女兎が啼く | ナノ
初めて栗男に会った日
『やっと…やっと着いた…!江戸ォォォォォ!!!!!!!』
早速街のど真ん中での絶叫。
先程タクシーで高い金額を払い(金額が思い出せない)、江戸に着いた。
江戸には、春雨専用の家がある。風情があり、とても綺麗な所だ。地球へ訪れた春雨の者の為に特別に提供していて、生活費用云々は春雨からお金が落ちている。銀行で下ろしてくればもう生活がenjoyできる訳だ。

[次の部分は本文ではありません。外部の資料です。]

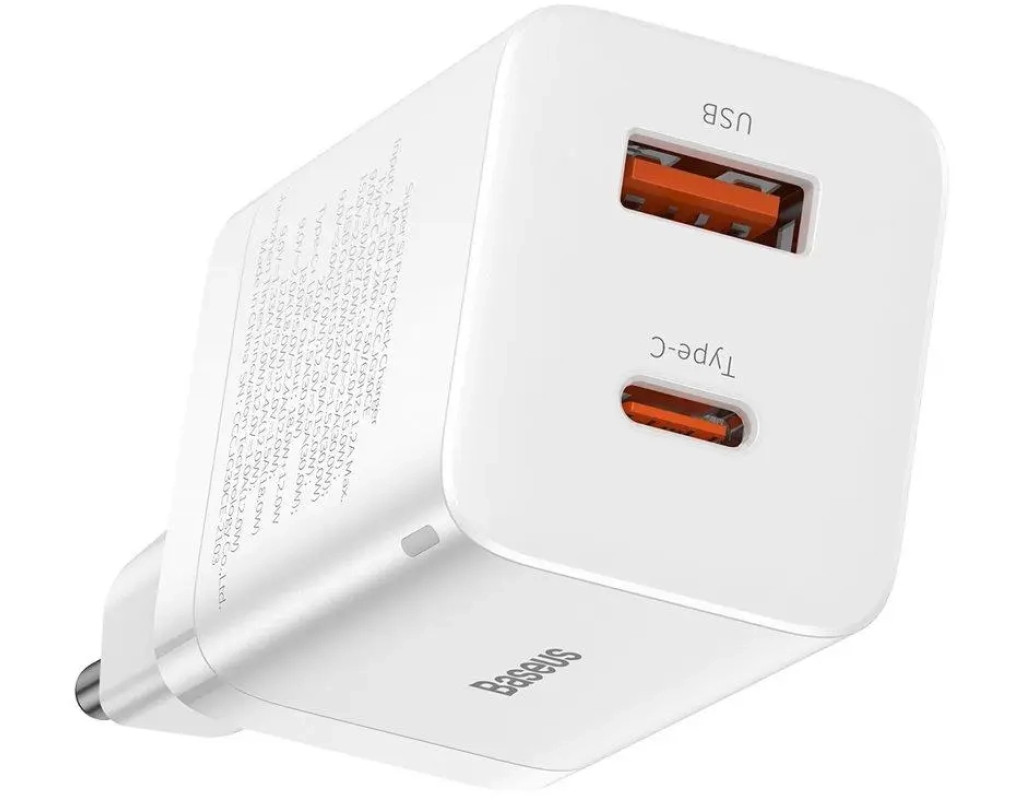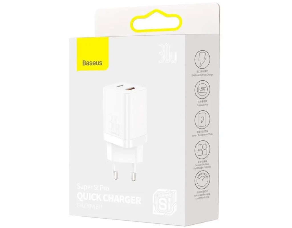 | Сетевой адаптер Baseus Super Si Pro Quick Charger QC3.0+PD3.0 30W USB+Type-C 3A – это компактный, удобный, элегантный и стильный девайс, изготовленный из высококачественных материалов. Данное зарядное устройство имеет 1 USB (USB QC3.0) 1 Type-C (USB Type-C PD3.0) мощностью 3A, оба порта поддерживают технологию быстрой зарядки и помогут Вам быстро заряжать различные девайсы, а максимальная выходная мощность зарядки достигает 30 Вт. Зарядное устройство поддерживает современные стандарты быстрой зарядки – Quick Charge 3.0, Power Delivery 3.0 (Apple), Apple 2.4, BC1.2 и другие, благодаря которым процесс восстановления заряда Ваших аксессуаров ускоряется в несколько раз. Сверхкомпактный адаптер Baseus Super Si Pro Quick Charger с помощью технологии Power Delivery 3.0 18W, восполняет заряд iPhone 11 на 50 процентов всего за 30 минут, а c помощью технологии Power Delivery 3.0 30W понадобиться около 2 часов для полной зарядки iPad Pro 2021. Apple рекомендует Power Delivery для быстрой зарядки смартфонов iPhone 8 и более поздних моделей. Обратите внимание, что для этого вам понадобится использовать кабель Baseus с поддержкой PD. Зарядка Baseus Super Si Pro Quick Charger обладает продуманной конструкцией, которая позволяет одновременно подключать два устройства для зарядки без каких-либо трудностей. Благодаря использованию фирменной технологии Super Si производителю удалось уменьшить зарядное устройство, при этом гарантированно обеспечив быструю и надежную работу адаптера при высоких температурах. Super Si представляет собой новый тип полимера на основе кремния, который имеет преимущества с точки зрения преобразования плотности, теплопроводности и эффективности. Термостойкий материал позволяет внутреннему теплу моментально рассеиваться с наружной поверхности корпуса и поддерживать нормальную рабочую температуру даже в тяжелых условиях эксплуатации. Интегрированный интеллектуальный чип гарантирует защиту от прекращения питания, а для безопасной зарядки подключаемых устройств с различными потребностями в мощности предусмотрена автоматическая регулировка требуемого тока. Быстрая зарядка QC 3.0 - через USB порт оранжевого цвета. Осуществляется по стандарту Quick Charge 3.0. Благодаря этому гаджеты заряжаются почти в четыре раза быстрее обычной зарядки и на 12 процентов быстрее QC 2.0. Обратите внимание, что заряжаемое устройство тоже должно поддерживать Quick Charge 3.0. Если нет – в этом случае зарядка будет происходить в обычном режиме. Быстрая зарядка PD 3.0 – с помощью порта Type-C будет осуществляться по технологии Power Delivery. Этот стандарт фирма Apple рекомендует для быстрой зарядки смартфонов iPhone 8 и более поздних моделей. Обратите внимание, что заряжаемое устройство должно быть подключено с помощью кабеля, поддерживающего стандарт PD. Зарядное устройство Baseus Super Si Pro Quick Charger имеет стильный и эргономичный дизайн, внешний корпус изготовлен из огнеупорного поликарбоната, который устойчив к высоким температурам и внешним повреждениям. Для безопасности Ваших гаджетов, в устройство встроено 6 уровней интеллектуальной защиты: от перегрузки по силе тока, перезаряда, перегрева, перегрузки, различных перенапряжений, коротких замыканий. Зарядный адаптер Baseus Super Si Pro Quick Charger прошел тесты безопасности и имеет сертификаты: CE, FCC, RoHS. Подключение к центральной энергосети осуществляется при помощи евровилки, поддерживается напряжение на входе от 110 до 220 В. Блок питания Baseus Super Si Pro Quick имеет интеллектуальную си

ワーイとルンルン気分で家に着き、開いていると言われていたドアを開けた。…つもりが、開かない。どうして。何故だ。試しにインターホンを鳴らしてみる。家を間違えたわけではなさそうだけど…。
そして出て来たのは、見覚えのある人物だった。
「誰だ朝っぱらから…あ?」
『あ…!こ、匂狼さん!?』
「おお名前か。こんな所で何やってんだ?」
春雨第八師団団長であり、狼のような風貌をした匂狼が出てきた。優しそうな目で私の頭を撫でながら聞いてきたので、私は困惑した笑みを浮かべながらとりあえず答える。
『元老に言われて地球の偵察に来たんです』
「そうか。俺もアホ提督に言われて一ヶ月前に来たんだぜ」
『そうなんですか。あ、今日帰られるんですか?』
「いや?もう一ヶ月後に帰るつもりだ」
『えっ』
ん?じゃあ私は?
『えっえっと、匂狼さん。私此処に住むよう言われているんですが…』
「そうなのか?でも此処には第八師団の団員しか居ねェぞ」
『えェェ!? じゃあ私どうすればいいんですか!』
「此処で狼ばっかのオス達と一緒に住むか、新しく家を探すか…だな」
ククッと笑いながら匂狼さんは言う。私の顔色がサァッと青くなった。
『そ、そんな…!…念の為に聞きますが、此処で住んだ場合の安全性は…?』
「まぁゼロに近いな」
『な!?』
「此処の連中はメスに飢えてる上にお前みたいな天使が来たら構わずヤるぜ?」
『な…』
「狼だからなァ。襲う所の騒ぎじゃねェぜ」
『…ですよねー』
私は苦笑いで返事をした。
……ここに住んだらマジでやばそう。
自然に体が貞操の危機を察した。
「俺ですら今、名前を押し倒したくて堪らねェんだからよ」
『はッ!?』
匂狼さんの発言に吃驚して私は思わず後退りをする。匂狼さんはくくっと喉を震わせて笑った。
「ハハ、冗談だよ。冗談じゃねェけど」
『どっちですかソレ!?』
「で、此処に住むか?俺は大歓迎だぜ」
『答えはNOです!自分で家探します!』
「おお、そうか。残念だ 」
『地球生活はenjoyしたいですからね!じゃあ、匂狼さんさようなら!また暇な日にお伺いしまーす!』
頭を下げて笑顔で言った。
よし、私は適当に家でも探そう!
「チッ…」
俺は名前の姿を見ながら舌打ちをする。脳内で神威の野郎の顔が浮かんで腹ただしくて仕方ない。
「…あいつが居なけりゃ第七師団も直ぐに潰せれるのに」
第七師団を潰した後の名前の泣きそうな顔がチラついて仕方ねェ。
俺は心の中で言うと、家の中へ身を潜めた。